По существующему в России обычаю, для нас, диких азиятцев, нанимали квартиру в отдаленной части города, для того чтоб мы свободнее могли отправлять свое богослужение и приготовлять пищу по нашему обычаю, не обращая на себя внимания любопытных. Однажды, прохаживаясь пешком по глухой улице, я услышал в одной лачуге рыдания и жалостные вопли женщины. По невольному движению я вбежал в дом. Горестное зрелище поразило меня. Прекрасная, как ангел, девица держала в своих объятиях старую женщину в обмороке и плакала в отчаянии, не зная, как пособить ей. Я, не говоря ни слова, выбежал в сени, нашел ведро с водою, возвратился в комнату с полным ковшом, спрыснул лицо больной, стал ей тереть виски и жилы на руках и наконец привел в чувство, перенес на кровать и просил позволения у красавицы побежать тотчас за доктором. Казалось, что девица сначала не примечала меня, будучи занята недугом своей матери, но наконец она обратила на меня свои прекрасные голубые глаза, в которых блестели еще слезы, и, покраснев, поблагодарила тихим голосом. Мой киргизский наряд приводил красавицу в недоумение: она украдкой осматривала меня с ног до головы и не знала, что сказать.

— Не пугайтесь меня, сударыня, — сказал я, — я киргиз, уроженец диких степей; но и у киргизов есть также сердце, и они знают, что такое сострадание к несчастью ближнего. Будьте откровенны со мною, как с человеком, который почитает за богатую добычу всякий случай быть полезным страждущим и несчастным. Я вижу, что вы в нужде: это обнаруживает ваше жилище. Одолжите меня и примите от меня пособие для больной вашей матери.

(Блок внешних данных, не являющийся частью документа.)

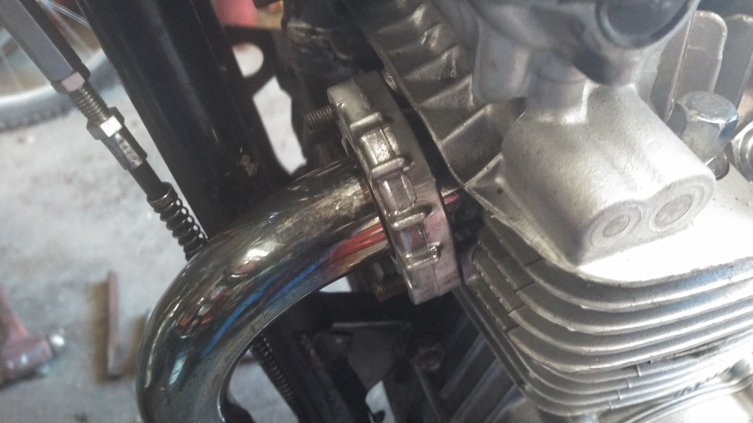 I'm trying to install the stock exhaust system on my 750....obviously something is not right with the parts i have on hand. Either the holders or the split keepers are wrong or shorter studs were installed in the head to fit the 4-1 header I removed. Can anyone identify the problem?

Не дожидаясь ответа красавицы, я бросил на стол горсть червонцев и поспешно удалился. Девица хотела удержать меня за руку, умоляла взять назад деньги, но я, не слушая, силою вырвался и побежал опрометью домой.

Я видел много русских красавиц, и никогда оне не производили во мне сильного впечатления. Но образ этой бедной девушки врезался в моем сердце и памяти. Она днем и ночью представлялась моему воображению, и я мучился более недели, не зная, что делать с собою и не смея возвратиться к ней в дом, опасаясь, чтоб она мне не отдала обратно денег и тем не лишила себя пособия. Напрасно я силился забыть красавицу: она поселилась во мне, как жизнь, как душа, и моя азиятская кровь кипела, как будто в сердце моем пылало пламя. Ни развлечения большого общества, ни чтение, которое я чрезвычайно любил, ни уединение не могли меня успокоить. Наконец, я решился увидеть снова красавицу.